Problem description
Output the whole listing below exactly, omitting the images.

Recorded information

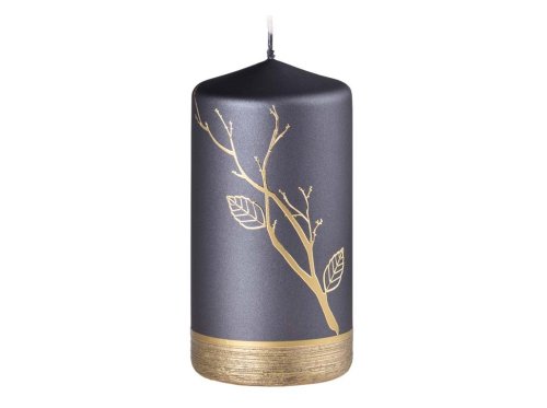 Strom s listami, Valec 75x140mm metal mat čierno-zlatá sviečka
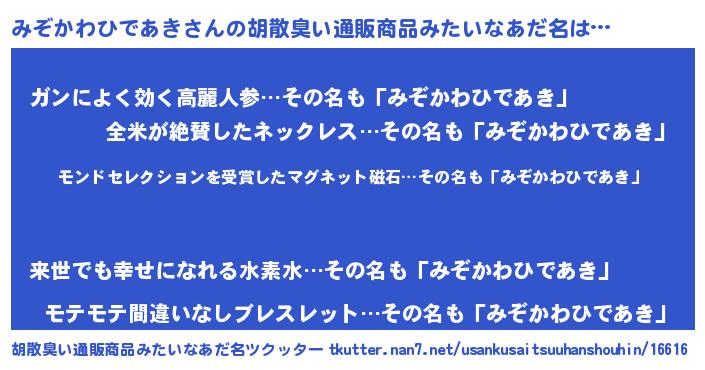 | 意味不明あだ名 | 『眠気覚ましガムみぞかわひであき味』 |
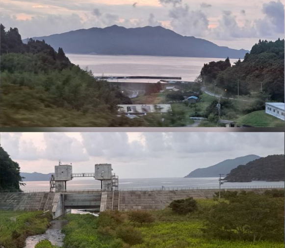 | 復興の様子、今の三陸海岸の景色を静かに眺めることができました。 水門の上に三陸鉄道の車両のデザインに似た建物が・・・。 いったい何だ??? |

Written solution
 Strom s listami, Valec 75x140mm metal mat čierno-zlatá sviečka
 | 意味不明あだ名 | 『眠気覚ましガムみぞかわひであき味』 |
 | 復興の様子、今の三陸海岸の景色を静かに眺めることができました。 水門の上に三陸鉄道の車両のデザインに似た建物が・・・。 いったい何だ??? |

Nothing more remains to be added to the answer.